__Prompt__. Every record below needs to be set down exactly. Pictures do not belong in the copy.

__Entries supplied__.
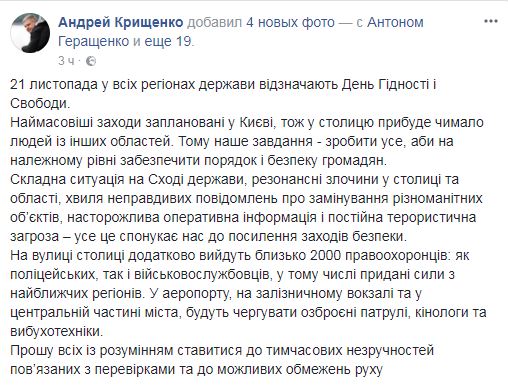 "На улицы столицы дополнительно выйдут около 2000 работников правоохранительных органов: как полицейских, так и военнослужащих, в том числе силы из ближайших регионов. В аэропорту, на железнодорожном вокзале и в центральной части города будут дежурить вооруженные патрули, кинологи и взрывотехники. Прошу всех с пониманием относиться к временным неудобствам, связанным с проверками и к возможным ограничениям движения", - написал Крищенко.
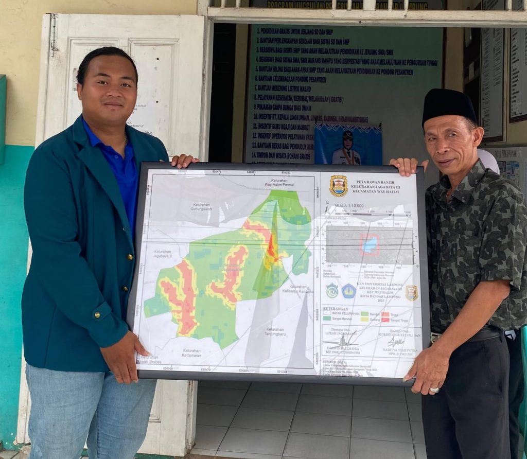 Mahasiswa Kuliah Kerja Nyata (KKN) Universitas Lampung yang bertugas di Kelurahan Jagabaya III melaksanakan program kerja pembuatan peta rawan banjir sebagai upaya memberikan informasi penting kepada masyarakat. Peta ini memuat titik-titik wilayah yang memiliki potensi tinggi terkena banjir, berdasarkan kondisi geografis dan riwayat kejadian sebelumnya. Kegiatan ini juga menjadi bagian dari dukungan mahasiswa KKN terhadap program Pemetaan Wilayah Rawan Bencana yang dicanangkan pemerintah.
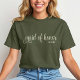 Show off your Maid of Honour pride with this chic T-shirt. Featuring a modern retro script on a fatigue green t-shirt, it’s the perfect Outfit of the Day for bachelorette trips or casual bridal shower looks. Comfortable and stylish, it’s a must-have for trendy brides and their crew. || Click on "personalise this design" to add your details. || Matching wedding party gifts, Bridal Shower Accessories, and Bachelorette Party must-haves are available. Please message us with questions or to request custom items.
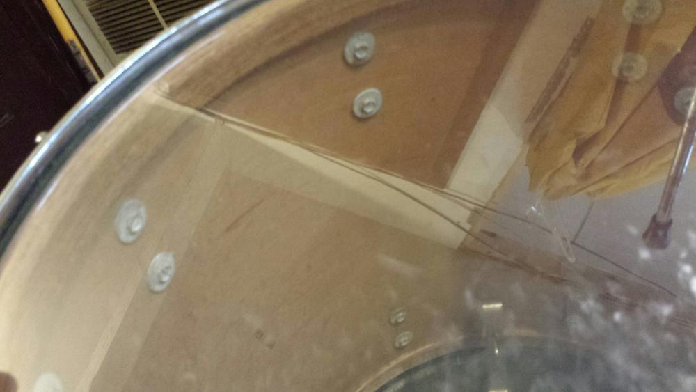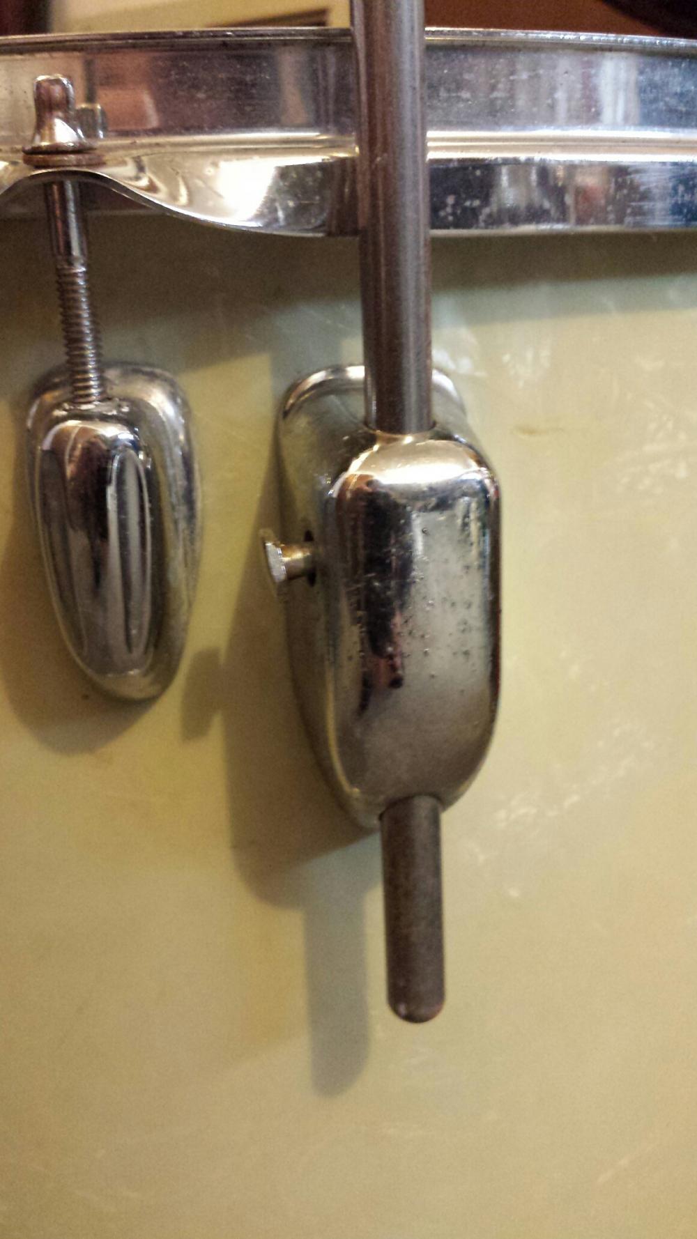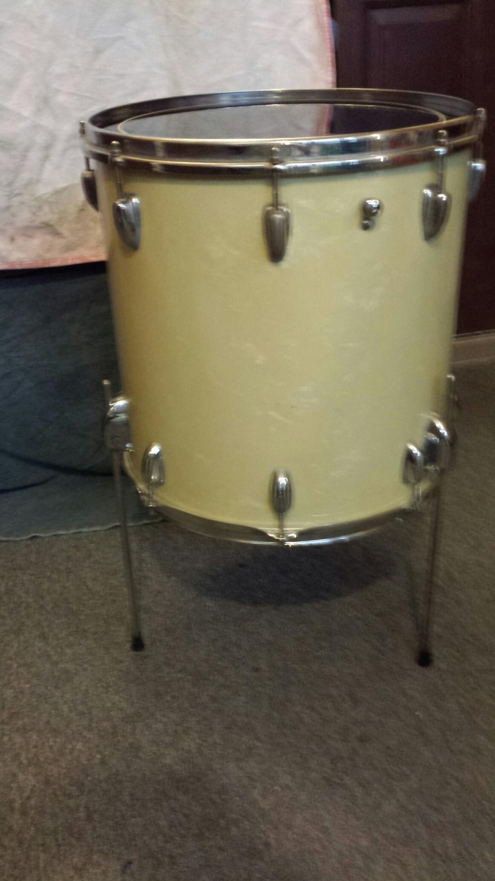 1966 Slingerland WMP 16" floor tom. This drum is in great shape. The wrap has yellowed through the years, but overall the drum is excellent. The top rim and tension rods are original, new rim and tension rods on the bottom. Has the original straight floor tom legs and push button leg brackets. One is missing the button but otherwise complete. Stamp date is visible inside the shell. - SOLD -
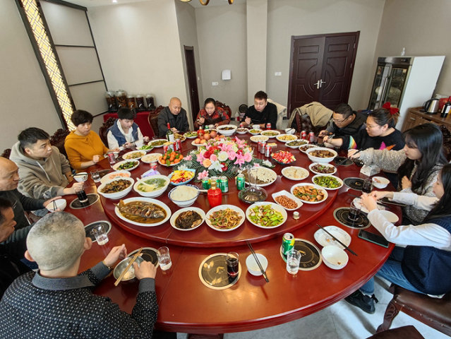 與此同時,項目部給員工發(fā)放水果、紅包,送去新春的祝福和關(guān)愛。項目部、施工隊包餃子、烹飪美味佳肴,將色香味俱全的菜品擺滿餐桌,員工們吃著香噴噴的的飯菜,喝著醉人的美酒,心里樂開了花,一張張笑臉,一句句互道祝福的話,給飲食文化注入了新的元素,置身于這情、這景,哪個員工不激動?圍坐在餐桌上來自五湖四海的員工人,真像一個團(tuán)結(jié)友愛、和諧幸福的大家庭。

__Your response__.
 "На улицы столицы дополнительно выйдут около 2000 работников правоохранительных органов: как полицейских, так и военнослужащих, в том числе силы из ближайших регионов. В аэропорту, на железнодорожном вокзале и в центральной части города будут дежурить вооруженные патрули, кинологи и взрывотехники. Прошу всех с пониманием относиться к временным неудобствам, связанным с проверками и к возможным ограничениям движения", - написал Крищенко.
 Mahasiswa Kuliah Kerja Nyata (KKN) Universitas Lampung yang bertugas di Kelurahan Jagabaya III melaksanakan program kerja pembuatan peta rawan banjir sebagai upaya memberikan informasi penting kepada masyarakat. Peta ini memuat titik-titik wilayah yang memiliki potensi tinggi terkena banjir, berdasarkan kondisi geografis dan riwayat kejadian sebelumnya. Kegiatan ini juga menjadi bagian dari dukungan mahasiswa KKN terhadap program Pemetaan Wilayah Rawan Bencana yang dicanangkan pemerintah.
 Show off your Maid of Honour pride with this chic T-shirt. Featuring a modern retro script on a fatigue green t-shirt, it’s the perfect Outfit of the Day for bachelorette trips or casual bridal shower looks. Comfortable and stylish, it’s a must-have for trendy brides and their crew. || Click on "personalise this design" to add your details. || Matching wedding party gifts, Bridal Shower Accessories, and Bachelorette Party must-haves are available. Please message us with questions or to request custom items.
 1966 Slingerland WMP 16" floor tom. This drum is in great shape. The wrap has yellowed through the years, but overall the drum is excellent. The top rim and tension rods are original, new rim and tension rods on the bottom. Has the original straight floor tom legs and push button leg brackets. One is missing the button but otherwise complete. Stamp date is visible inside the shell. - SOLD -
 與此同時,項目部給員工發(fā)放水果、紅包,送去新春的祝福和關(guān)愛。項目部、施工隊包餃子、烹飪美味佳肴,將色香味俱全的菜品擺滿餐桌,員工們吃著香噴噴的的飯菜,喝著醉人的美酒,心里樂開了花,一張張笑臉,一句句互道祝福的話,給飲食文化注入了新的元素,置身于這情、這景,哪個員工不激動?圍坐在餐桌上來自五湖四海的員工人,真像一個團(tuán)結(jié)友愛、和諧幸福的大家庭。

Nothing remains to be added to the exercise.